Maid, cook, stay-at-home daddy

By DONNA HUSSEY-WHYTE All Woman writer husseyd@jamaicaobserver.com

Monday, January 23, 2012



FRED Campbell's routine is much of the same everyday. He drops his wife to work and his son to school, then he returns home, sweeps up, cleans, washes on select days, and then relaxes to listen to Perkins On Line. When school lets out he goes to collect his child, then returns home where he does the homework/dinner routine, before he has to pick up his wife again.

This he has been doing since his son, three in March, was six months old, and his wife returned to work after an extended maternity leave.

Before that, he worked as a driver for a distributor company and then quit to be a taxi operator, and his wife had worked up to her ninth month of pregnancy.

He will tell anyone who will listen that he has it "good", and he preaches the importance of one parent being available full time to meet the child's needs.

"My child will not go to daycare," insisted Campbell, whose name and others in the story have been changed.

He had worked on and off as a taxi driver while his wife was pregnant and immediately after the child's birth, but quit as soon as she returned to work. Nowadays he will do charters occasionally when a neighbour or friend needs his services, but for the most part plays daddy, maid, cook, and full-time househusband.

Alfonso is laid up at home with a bad leg from an accident, and has no intention of returning to work. He has invested the insurance money from the accident, and his wife makes good money managing a bakery in Mandeville.

"We made the decision that it didn't make sense for me to return to driving trucks for people, and my father-in-law, who had lived with us, passed on, so there would have been no one at home when the children got home from school," he reasoned. "I'll always have a limp and metal in my leg, so my heavy-duty working days are over."

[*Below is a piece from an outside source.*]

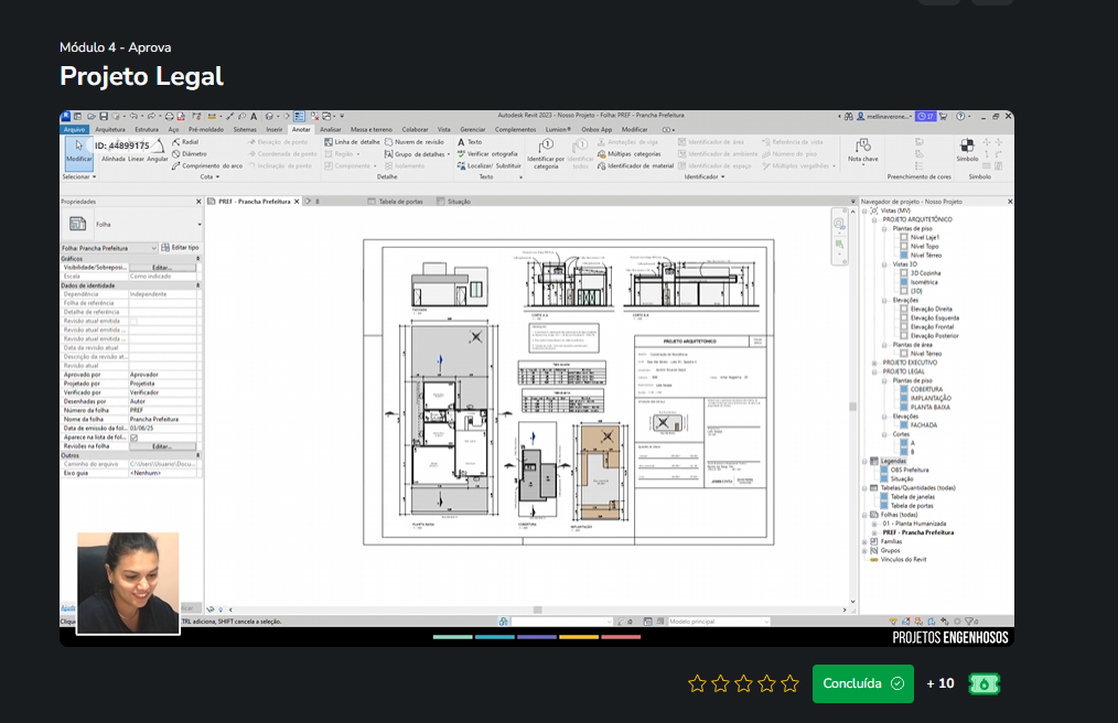 Ela ensina Revit do zero, mas de forma estratégica. Você não vai aprender todas as funções do software, apenas as essenciais para criar projetos rápidos e de alto valor. Esta mentoria não é um curso de Revit, e sim um direcionamento para você migrar para o software de uma vez por todas.

Nowadays he sends the children off to school and does the cleaning and laundry while he has the house to himself. He attends school meetings and does the shopping and looks over homework and has dinner on the table when his family gets home.

"I was 46 when the accident happened, I'm 48 now," he said. "The decision we made was perfect for our survival as a family."

Househusband beaten with a pot cover

The men's choice to stay home is rare in Jamaica, where, even if the situation is actually evident in homes, experts list it as less of a choice by families, and more of an economic factor.

Dr Herbert Gayle, anthropologist at the University of the West Indies and president of Fathers' Inc, said while a number of men are in fact staying home, it is not an option for them but a spin-off from unemployment, as a number of them have been laid off or are unemployable.

And he said, regardless of the reason for men staying home, they are looked down on, not only by the society in general, but by their own partners.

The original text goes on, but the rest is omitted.